%%
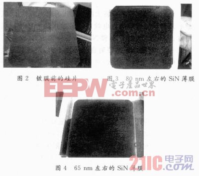 厚度可用椭圆偏振仪精确测量。在能够估计厚度范围的情况下,可根据氮化硅薄膜的颜色和表中所列的颜色进行比较,以此来确定氮化硅膜的大约厚度。图2~图4分别为镀膜前、80 nm左右SiN薄膜和65 nm左右的SiN薄膜图示。
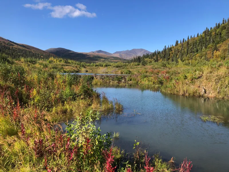 The area is abundant with wildlife, including moose, caribou, and brown bears
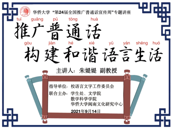 国家级普通话测试员、3044永利集团副教授、3044永利集团闽南文化研究中心主任朱媞媞老师为校内师生带来了一场题为“推广普通话 构建和谐语言生活”的专题讲座。讲座由3044永利集团语言文字工作委员会指导,学生处、3044永利集团、数学科学学院和3044永利集团闽南文化研究中心联合主办。
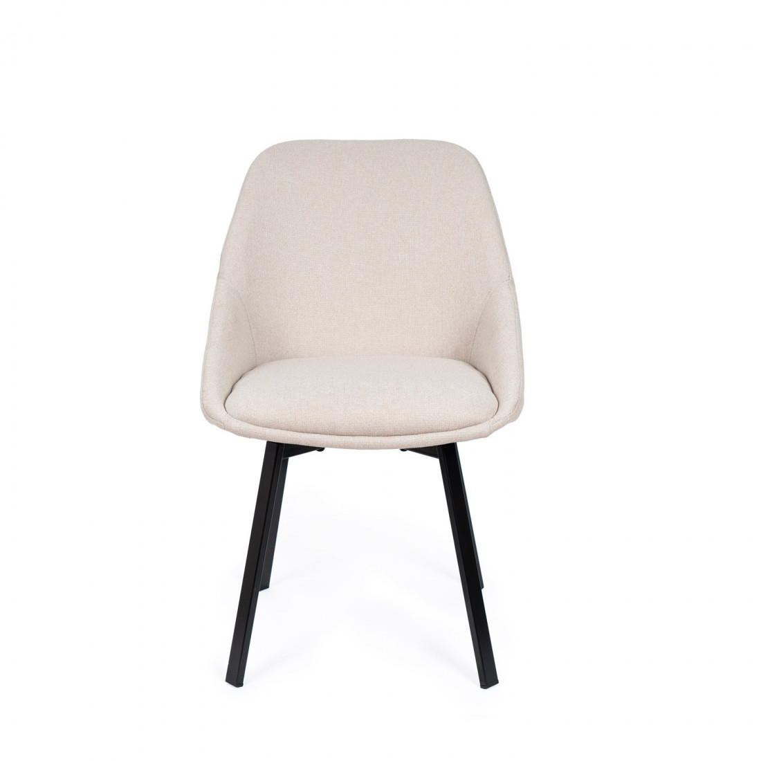 Su respaldo curvado y asiento acolchado, tapizado en color beige, ofrece comodidad y durabilidad.
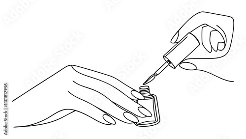Applying Nail Polish Line Art Illustration
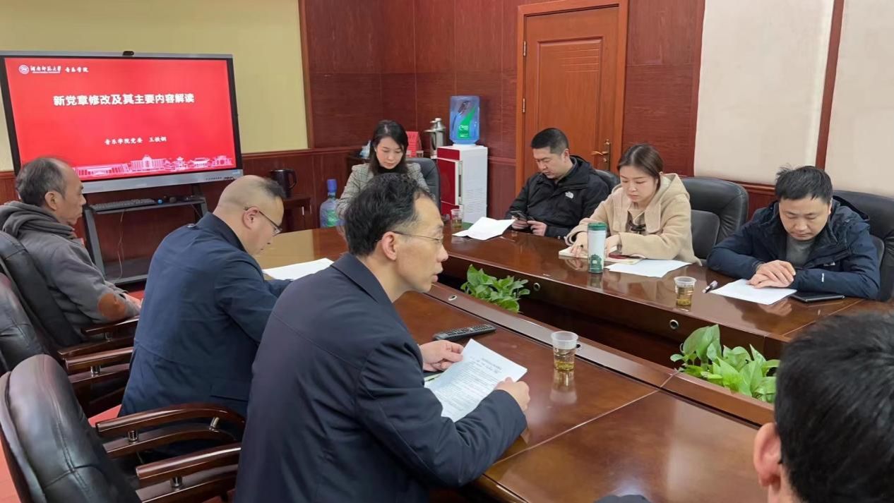 首先,他指出,党的根本大法是党章,党章是一个政党为实现党的纲领、开展正规活动、规定党的事务所规定的根本法规,是党赖以建立和活动的法规体系的基础,是党的各级组织和全体党员必须遵守的基本准则和规定。修改党章是深入学习巩固党的创新理论的需要、是推进党和国家事业发展的需要、是深入推进新时代党的建设新的伟大工程的需要、是贯彻落实党的二十大精神的需要。党的二十大通过的党章修正案,共修改50处,其中总纲部分的修改37处,条文部分的修改13处。接着,他对总纲部分特别重大的10个方面的修订进行了深入探讨和学习,对把“两个结合”这一马克思主义中国化时代化的规律性认识写入党章、充实完善习近平新时代中国特色社会主义思想的科学内涵和历史定位、增写党百年奋斗的重大成就和历史经验的内容、以中国式现代化全面推进中华民族伟大复兴的奋斗目标写入党章、把逐步实现全体人民共同富裕写入党章、分两步走的战略安排写入党章、把伟大建党精神写入党章、找到了自我革命这个跳出治乱兴衰历史周期率的第二个答案、把坚持新时代党的组织路线写入党章、坚定维护以习近平同志为核心的党中央权威和集中统一领导,这十个重大修订进行了一一解读。随后,他从四个方面阐述了如何遵守党章。一是要强化政治意识,深刻领悟“两个确立”的决定性意义;二是要强化规矩意识,严格用党章规范言行,做忠诚履职的表率;三是要强化修身意识,彰显党员干部的人格力量,做崇德向上的表率;四是要强化担当意识,发挥党员的先锋模范作用,做干事创业的表率。
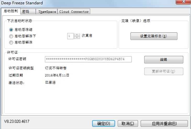 3.输入密码后,弹出冰点的用户界面。在启动控制状态下,我们有三种选择。如果我们决定恢复计算机,我们选择在启动后将其冻结。
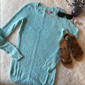SO brand knit sweater. Gorgeous color, loose knit for a light and soft feel. Soft and comfortable, pair with jean shorts for a beautiful evening stroll on the beach! Or leggings for casual comfortable day! EUC.
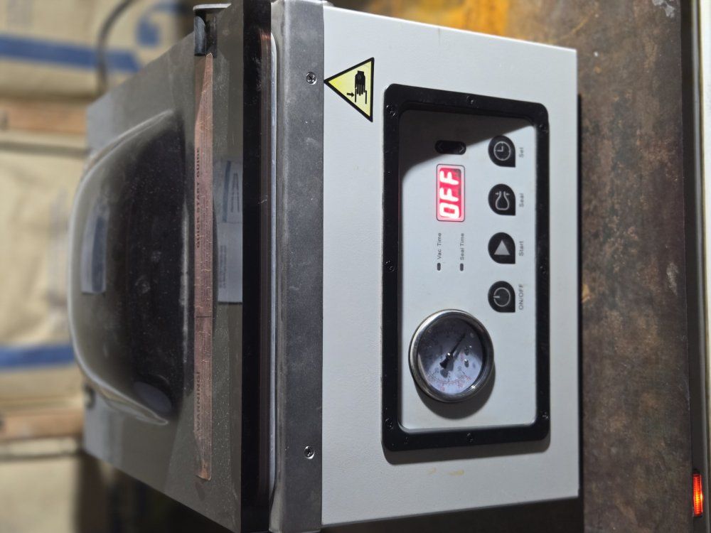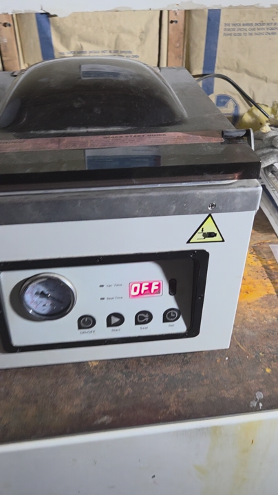 Lock your finest cuts and most coveted critters down like Fort Knox with our top-of-the-line Chamber Vacuum Sealer. Producing a protective seal unmatched in the industry, it’ll handle your high-volume projects without overheating and turn any table into a bona fide meat-packing operation. Comes equipped with an adjustable seal time, adjustable vacuum, pressure gauge, and digital time readout. Its manual seal mode produces the perfect seal for anything, every time. $700. msg for the video of it working- it wont load on here.
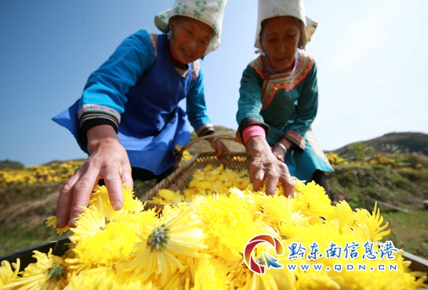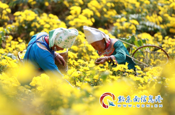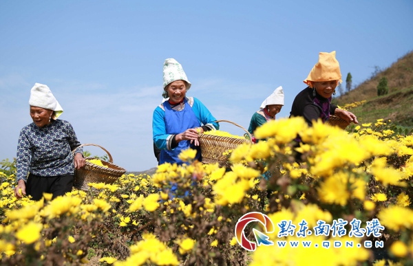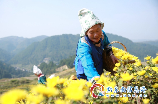 本網(wǎng)訊 近日,貴州省黔東南苗族侗族自治州丹寨縣興仁鎮(zhèn)白頭村引進(jìn)試種的200余畝藥用菊花進(jìn)入盛花期,當(dāng)?shù)孛缱迦罕姄屪デ绾锰鞖忾_始采摘、運(yùn)輸、銷售,花田里一派繁忙的景象。
%%
Problem requirements ->
From the records above, quote word for word only the lines beginning at the line that has "Applying Nail Polish Line Art Illustration" and stopping after the line that has "Lock your finest". Omit the pictures.

Written reply ->
Applying Nail Polish Line Art Illustration
 首先,他指出,党的根本大法是党章,党章是一个政党为实现党的纲领、开展正规活动、规定党的事务所规定的根本法规,是党赖以建立和活动的法规体系的基础,是党的各级组织和全体党员必须遵守的基本准则和规定。修改党章是深入学习巩固党的创新理论的需要、是推进党和国家事业发展的需要、是深入推进新时代党的建设新的伟大工程的需要、是贯彻落实党的二十大精神的需要。党的二十大通过的党章修正案,共修改50处,其中总纲部分的修改37处,条文部分的修改13处。接着,他对总纲部分特别重大的10个方面的修订进行了深入探讨和学习,对把“两个结合”这一马克思主义中国化时代化的规律性认识写入党章、充实完善习近平新时代中国特色社会主义思想的科学内涵和历史定位、增写党百年奋斗的重大成就和历史经验的内容、以中国式现代化全面推进中华民族伟大复兴的奋斗目标写入党章、把逐步实现全体人民共同富裕写入党章、分两步走的战略安排写入党章、把伟大建党精神写入党章、找到了自我革命这个跳出治乱兴衰历史周期率的第二个答案、把坚持新时代党的组织路线写入党章、坚定维护以习近平同志为核心的党中央权威和集中统一领导,这十个重大修订进行了一一解读。随后,他从四个方面阐述了如何遵守党章。一是要强化政治意识,深刻领悟“两个确立”的决定性意义;二是要强化规矩意识,严格用党章规范言行,做忠诚履职的表率;三是要强化修身意识,彰显党员干部的人格力量,做崇德向上的表率;四是要强化担当意识,发挥党员的先锋模范作用,做干事创业的表率。
 3.输入密码后,弹出冰点的用户界面。在启动控制状态下,我们有三种选择。如果我们决定恢复计算机,我们选择在启动后将其冻结。
SO brand knit sweater. Gorgeous color, loose knit for a light and soft feel. Soft and comfortable, pair with jean shorts for a beautiful evening stroll on the beach! Or leggings for casual comfortable day! EUC.
 Lock your finest cuts and most coveted critters down like Fort Knox with our top-of-the-line Chamber Vacuum Sealer. Producing a protective seal unmatched in the industry, it’ll handle your high-volume projects without overheating and turn any table into a bona fide meat-packing operation. Comes equipped with an adjustable seal time, adjustable vacuum, pressure gauge, and digital time readout. Its manual seal mode produces the perfect seal for anything, every time. $700. msg for the video of it working- it wont load on here.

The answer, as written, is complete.